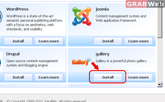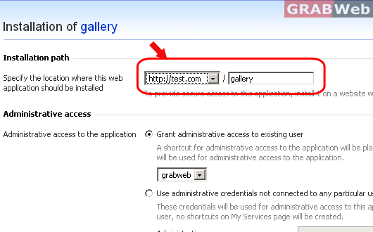 6) Select the domain from the drop down menu on which you want to install Application "Gallery".
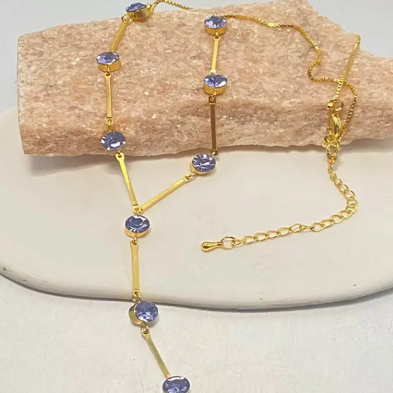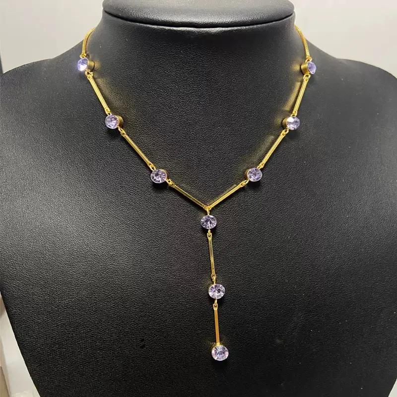✨ Elegant Collarbone Chain ✨ Discover the Purple Crown Crystal Necklace, 14K gold-plated with a sparkling zircon pendant. This chic statement piece is perfect for women who love to make an impression. The elegant collarbone chain adds sophistication to any outfit. Ideal as a fashion-forward gift, it elevates your style effortlessly. Embrace the glamour with this exquisite necklace.
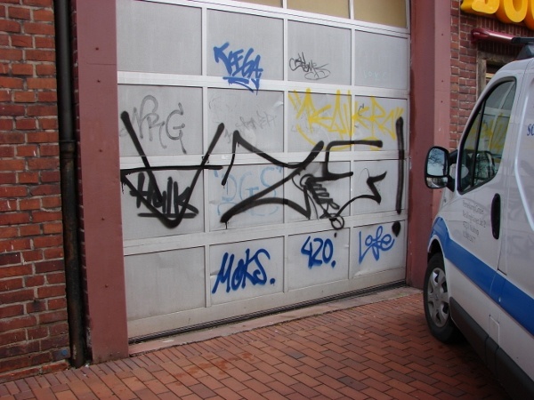 So hat zum Beispiel die örtliche Woolworth inzwischen offenbar ein professionelles Malerteam im Einsatz, welches die in regelässigen Abständen am Geschäftsgebäude durchgeführten Farbattacken wieder befreit. Zumindest für ein paar Tage. Allerdings geschieht das dort eben mehr oder weniger stillschweigend.
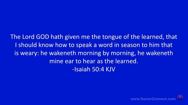 The Lord GOD hath given me the tongue of the learned, that I should know how to speak a word in season to him that is weary: he wakeneth morning by morning, he wakeneth mine ear to hear as the learned. -Isaiah 50:4 KJV
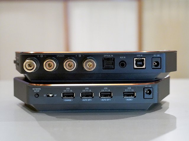 背面端子部(上:USB DACアンプ/下:ワイヤレスユニット)
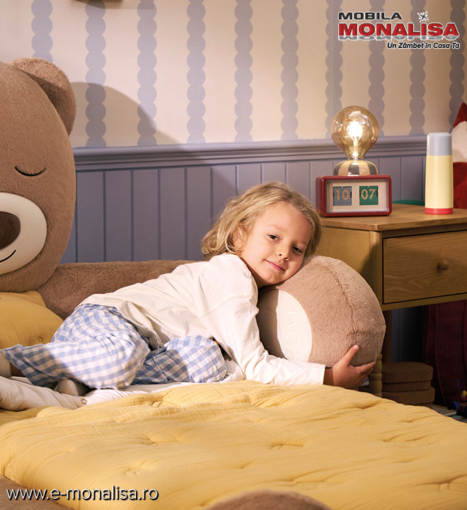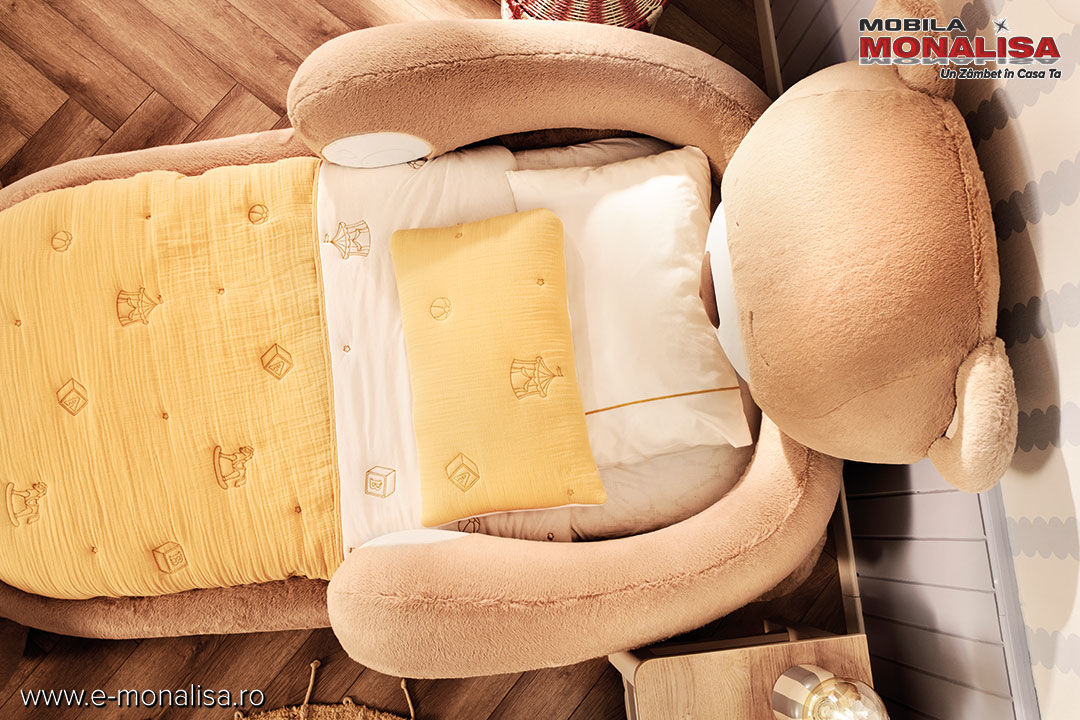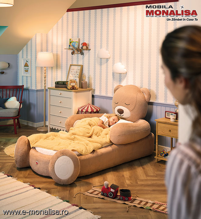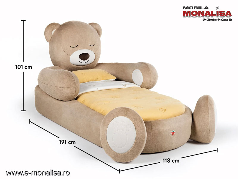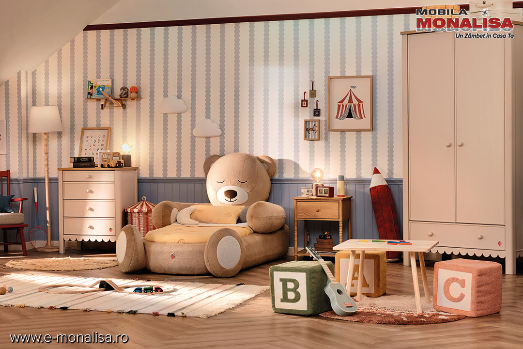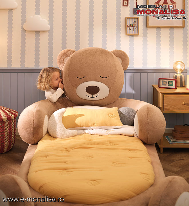 Cu curbele sale line si prezenta fermecatoare, patul Teddy transforma atmosfera camerei intr-o poveste frumoasa a copilariei.
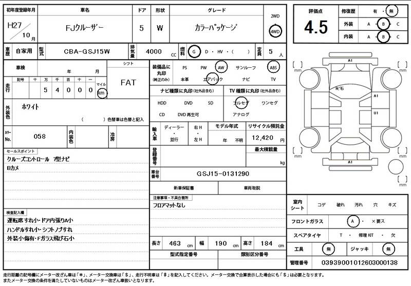 GSJ15W 54000km 2015 WHITE
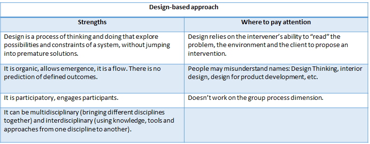 A way to explore this (dis)encounter of OD and Design Thinking: when an OD consultant comes to an organization to help in an organization development issue, he/she will “design” an intervention using OD tools and approaches. At this point, design is a method and not a field of knowledge. In what ways can this consultant work on organization development using Design Thinking?
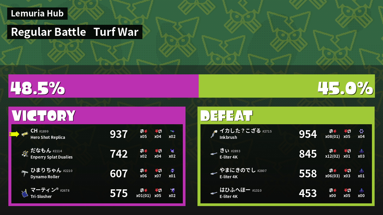 | Mode | Turf War - Regular Battle | ||
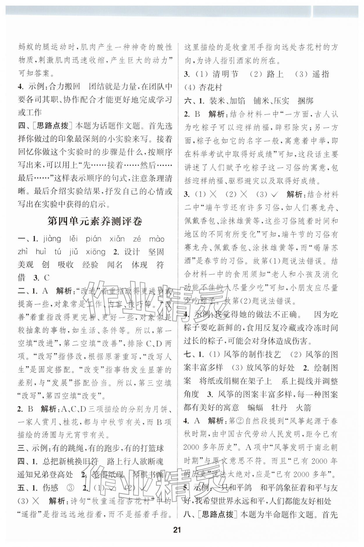 2026年通城学典课时作业本三年级语文下册人教版江苏专版第21页
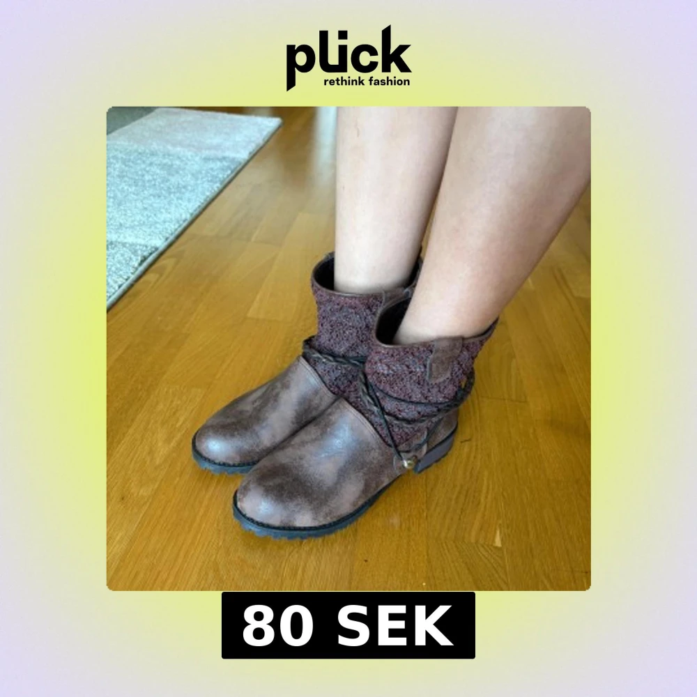 Snygga bruna boots med grov sula och stickad mudd upptill i vinröd ton. Skorna har dekorativa flätade remmar runt skaftet och en liten metallberlock. Perfekta för höst och vinter med sin robusta look och coola detaljer.

------------------------------------------------------------------------

Only the lines from the beginning of the listing up to and including the line with "this exquisite necklace." should appear in the reply, copied word for word and free of pictures.

Response:
 6) Select the domain from the drop down menu on which you want to install Application "Gallery".
✨ Elegant Collarbone Chain ✨ Discover the Purple Crown Crystal Necklace, 14K gold-plated with a sparkling zircon pendant. This chic statement piece is perfect for women who love to make an impression. The elegant collarbone chain adds sophistication to any outfit. Ideal as a fashion-forward gift, it elevates your style effortlessly. Embrace the glamour with this exquisite necklace.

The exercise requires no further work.